In 1999, a Bangladeshi woman named Shamela Begum said she was essentially enslaved by a senior Bahraini envoy to the UN and his wife. Begum charged that the couple took her passport, struck her and paid her just $800 for ten months of service -- during which she was only twice allowed out of the couple's New York apartment. But when Begum sued her employers, U.S. Justice Department lawyers argued that the case had to be dismissed because the Bahraini envoy and his wife had diplomatic immunity. Never mind that our Constitution bans slavery. (Begum later reached a settlement with her employers.) An isolated case? Estimates show that hundreds of women have been exploited by their diplomat employers over the past 20 years.

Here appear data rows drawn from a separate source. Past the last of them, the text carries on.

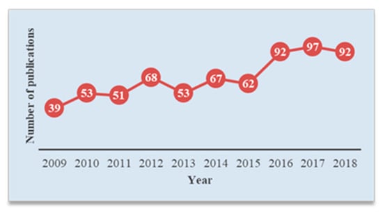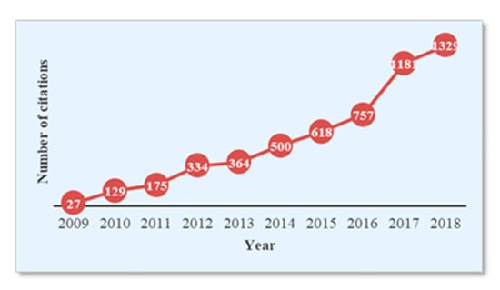 In terms of research, recently there has been a growing interest in developing efficient and reliable TSDR systems. To show the current state of scientific research regarding this development, a simple search of the term “traffic sign detection and recognition” in the Scopus database has been carried out, with the aim of locating articles published in journals indexed in this database. To focus on the recent and most relevant research, the search has been restricted to the past decade (2009–2018) and only in the subjects of computer science and engineering. In this way, a set of 674 articles and 5414 citations were obtained. The publication and citation trends are shown in Figure 3 and Figure 4, respectively. Generally, the figures indicate a relatively fast growth rate in publications and a rapid increase in citation impact. More importantly, it is clear from the figures that TSDR research has grown remarkably in the last three years (2016–2018), with the highest number of publications and citations representing 41.69% and 60.34%, respectively.
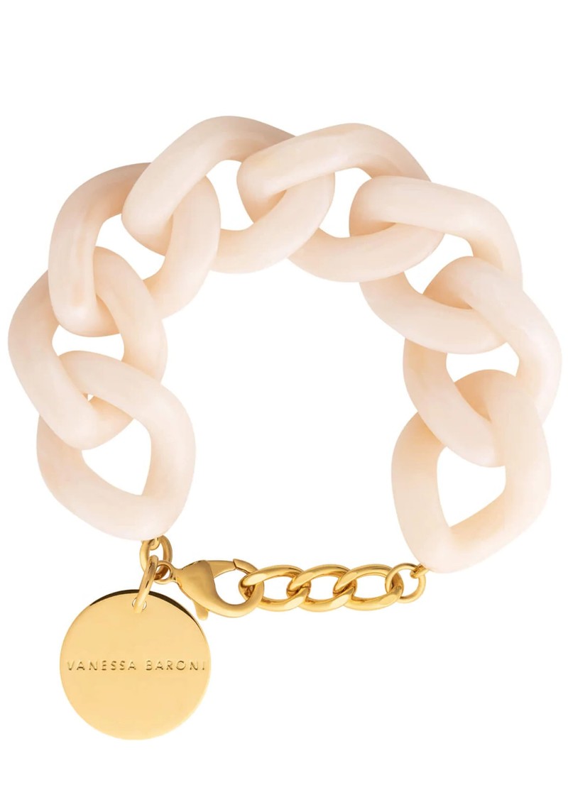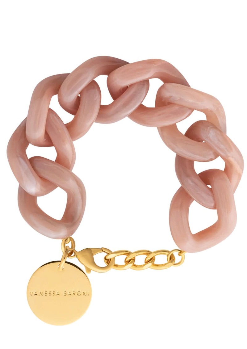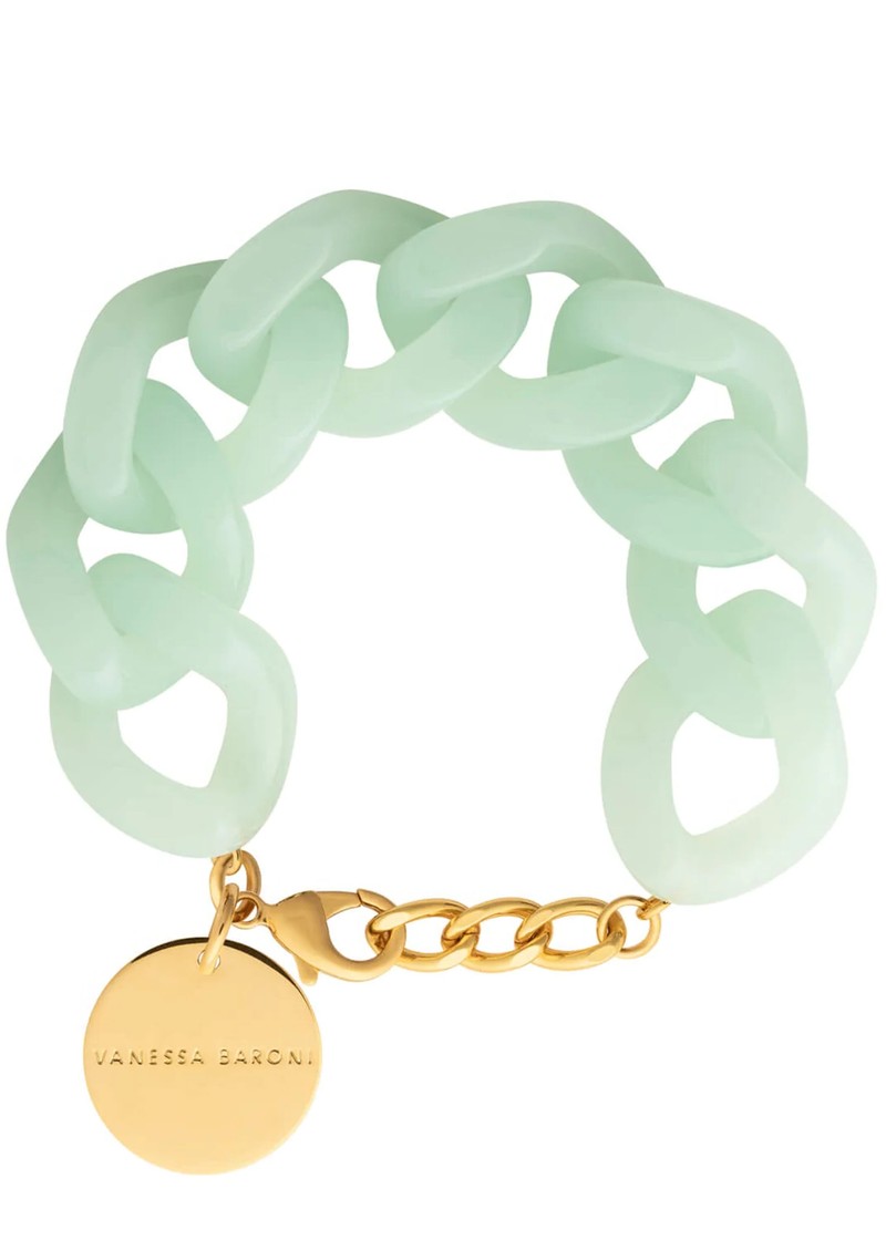 This Vanessa Baroni bracelet is made from lightweight acetate links with gold-plated brass hardware, finished with a 24-carat gold electroplated layer
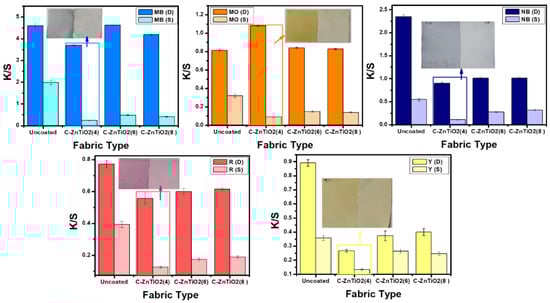 The results of the K/S analyses are presented in Figure 7. The results showed that the 4 wt% loaded NPs (o.w.f.) exhibited a far better reduction in K/S values as compared to other fabrics. The inset of every bar graph is the real image of fabric (C-Zn@TiO2(4) placed in the dark (D) and exposed to sunlight (S) placed for every dye. The results present the far superior photo-catalytically assisted self-cleaning activity of dyed fabrics under sunlight. Interestingly, the extensively used and resistive toward effective degradation textile dyes, i.e., drimaren blue, yellow, and red, also showed excellent degradation under sunlight, ensuring that the functionalized fabrics with Zn@TiO2 NPs are excellent candidates for self-cleaning activity under sunlight.
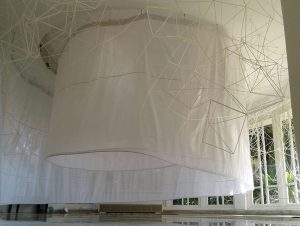 Es una retícula de tubos plásticos que marcan el vacío que hay dentro de la espiral; es como una malla que conecta puntos, supuestamente invisibles, que, como espectador, tienes que ser capaz de conectar. Generalmente, lo que sucede es que cuando accedes al centro de la espiral aprecias como una constelación y el público entra en un estado de contemplación —se acuesta en el piso, se sienta, se queda un rato pensando—. A ello se suma una serie de imágenes que se proyecta en toda la espiral y se superpone. La pieza cuenta, además, con tres proyectores.

Unpaid bills, drunk driving, sex crimes and even slavery -- isn't there any recourse for this conduct? The State Department is right to worry about retaliation against U.S. diplomats abroad (who aren't always on perfect behavior themselves). And we can't just break our promises in a treaty. But Congress has power here -- either by shaming guests into better behavior through public hearings or by chopping serious foreign aid to countries with troublemaking emissaries.

When Congress took a look at diplomatic immunity in the 1980s, a New York police detective testified about tracking down a suspect in a series of rapes. Although the suspect had been identified by two victims, the police had to let him go after 45 minutes because he was the son of a diplomat from Ghana. As he left, the former detective told The New York Times, "he snickered and said, 'I told you I had diplomatic immunity.' He was looking at the women, too, and laughing." Twenty years later, it sounds like that attitude hasn't changed.